Evals, or evaluations, are a set of tests used to measure prediction models performance on a specific task.
Why?
Any product using LLMs (Large Language Models) in production environments should have evals. And not only that, evaluations should be built even before writing the code. For those coming from a software development background, it would be like TDD (Test-Driven Development), but with evaluations instead of tests guiding product development.
I understand that for a developer, starting by creating evaluations instead of coding directly might feel a bit discouraging, but the pros far outweigh the cons.
Once we have a set of evaluations that we can trust and run relatively quickly, development will be much more enjoyable and less stressful since every change can be compared to previous versions. This reduces uncertainty, a common characteristic in the world of AI, especially with LLMs, where one day we might be using one model and the next day switching to another.
Look at the data, a lot!
Creating evals should be our priority, especially when starting a project, but at the same time, we must closely monitor the data generated from real-world use in production. Only then can we iteratively improve the cases we evaluate to enhance the system. Evaluations are not static—user behavior changes, and often the models we use do too. Sticking with the same set of test cases defined early in the application and using them at a much later stage can become problematic.
What should we aim for when creating evals?
- Coverage: Cover a large percentage of possible cases.
- Confidence: If the evals score above a predefined threshold (that we’ve defined as “good enough”), we should feel confident releasing the solution into production.
- Speed: We need to run the evaluations quickly. Slow evaluations can hinder development and lead to more predictable, less frequent changes.
- Ease of expansion: Anyone wanting to add cases shouldn’t face too many obstacles.

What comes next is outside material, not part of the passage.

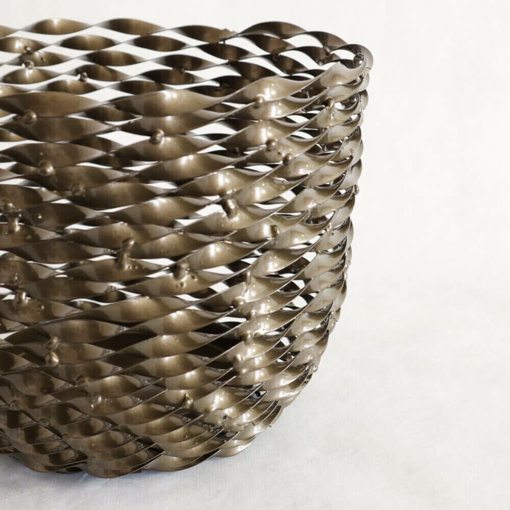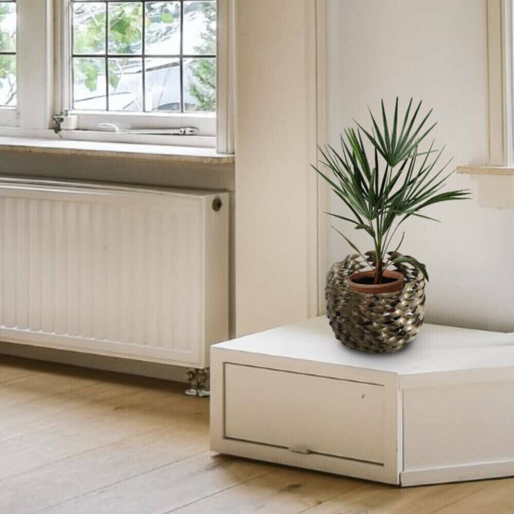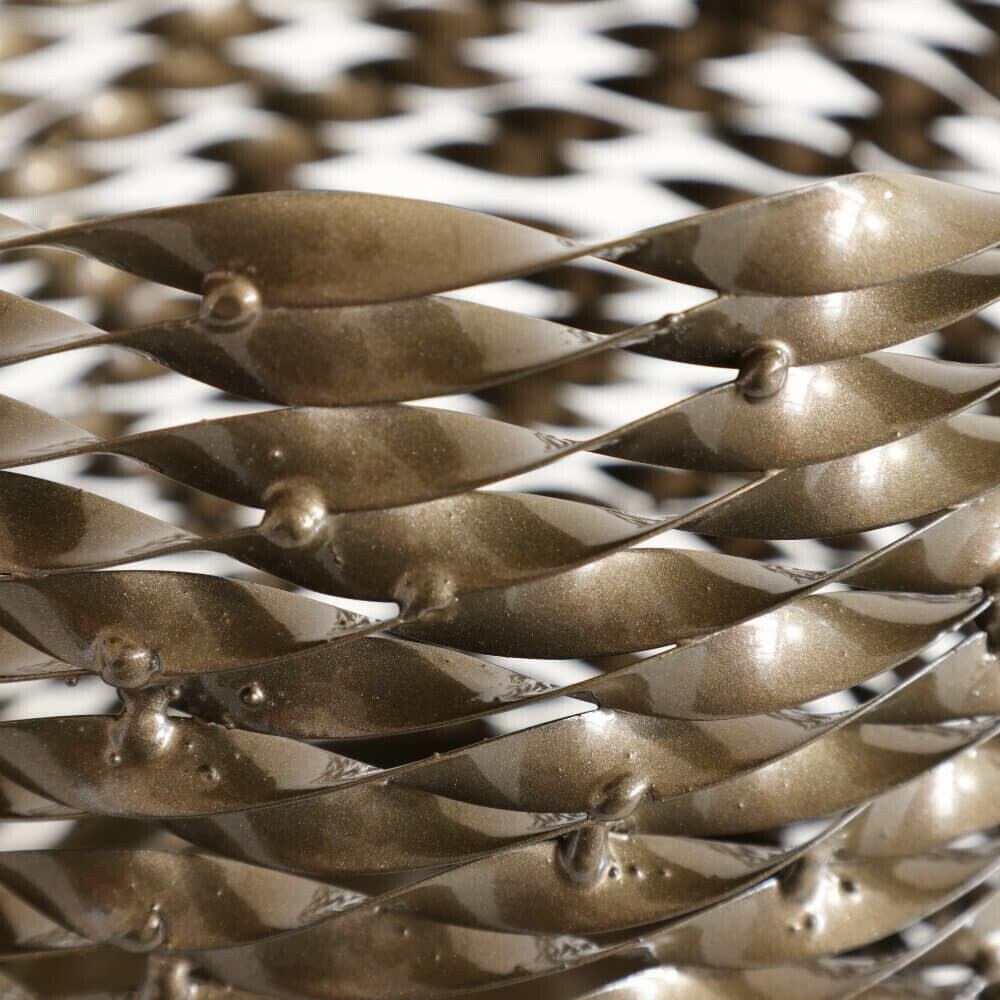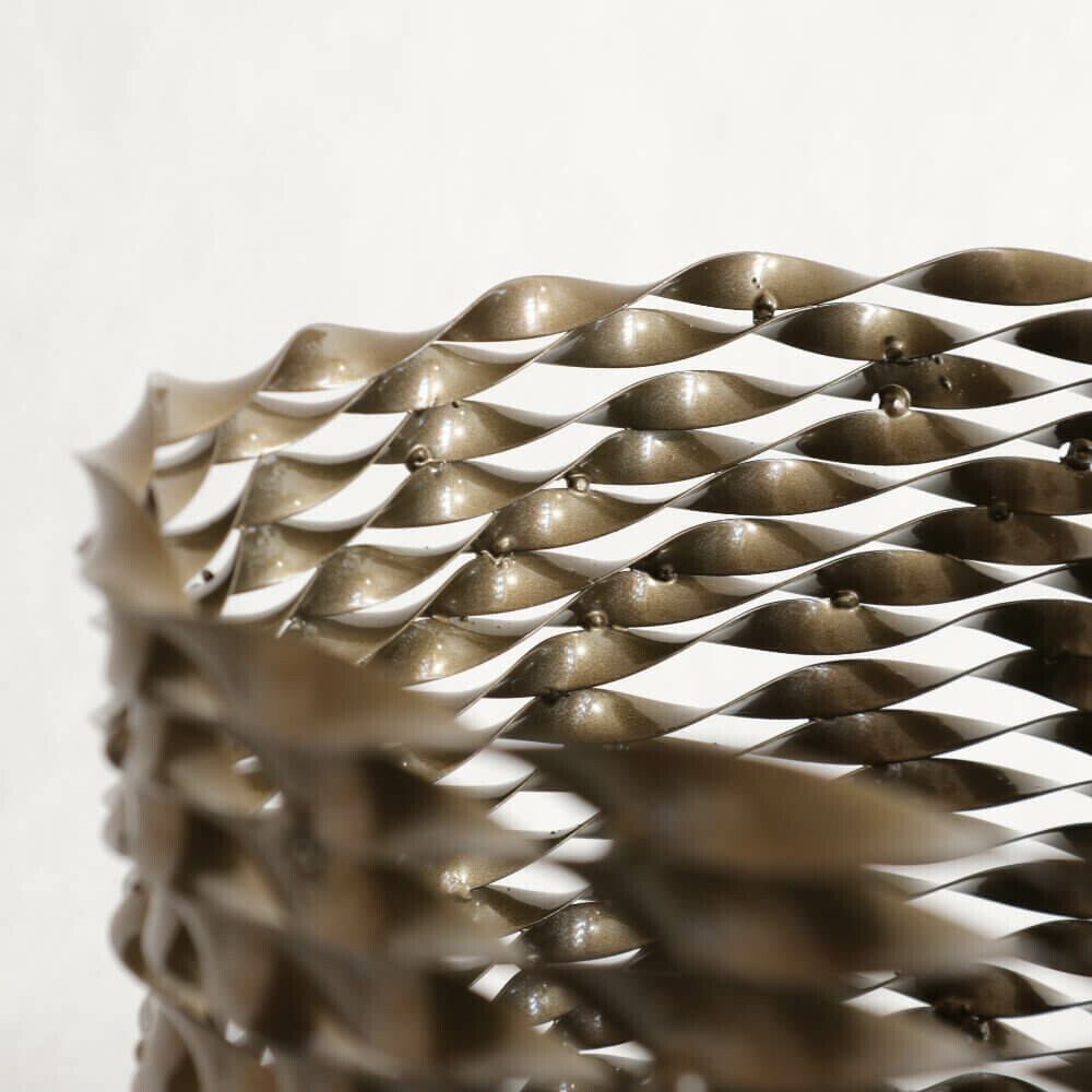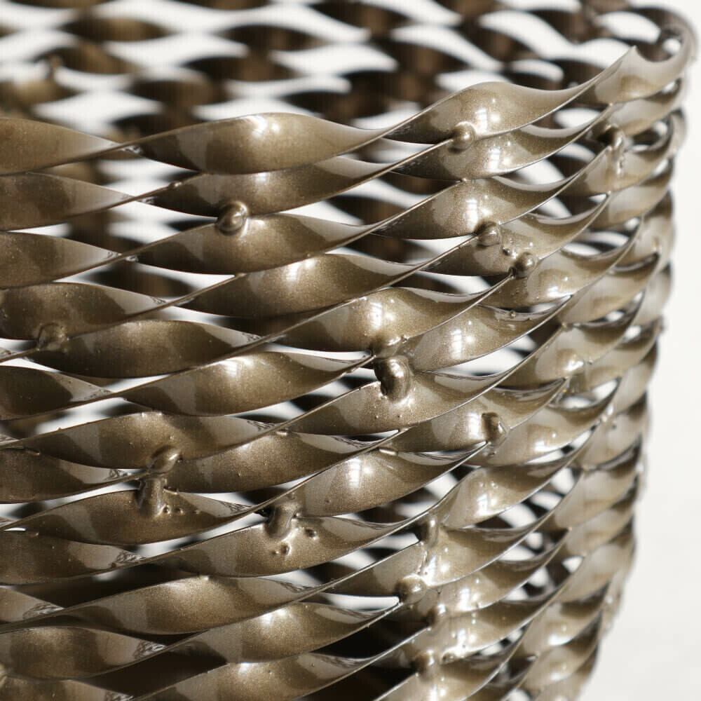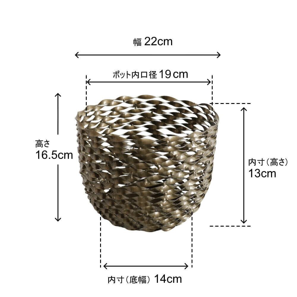 ゴールドのアイアンが一つ一つ溶接で結合しているモダンテイストのアイアンプランター(鉢カバー)Lサイズです。

- Ease of interpretation: A user interface that allows for easy interpretation of evaluation results and comparison with previous runs.
- Ease of execution: Run tests ad-hoc.
Types of Evals by Task
End-to-End
The evaluations we create depend heavily on the type of task the LLM will perform.
For classification tasks, where the LLM must predict which category (from a group) a message belongs to, we can use classic metrics: precision, recall, F1-score.
On the other hand, if what we want is to generate responses to user questions based on documents, the evaluations will be related to identifying how similar the LLM-generated answers are to the “canonical” answer.
The evaluations I described above are more “end-to-end,” where we run the entire pipeline and evaluate the final output against the correct output we define.
Somewhere in the Pipeline
It’s also advisable to evaluate components that are part of the pipeline. In the case of LLMs, it’s very likely that we’ll use vector search to retrieve elements with the highest semantic similarity to the input.
For classification, if there are, for example, 50 possible categories, we could use vector search to narrow it down to the 10 categories that are most semantically similar to the input. The LLM would then make its decision based on these 10 categories. How can we know if these 10 categories are the most relevant? The answer won’t surprise you—with evaluations, of course!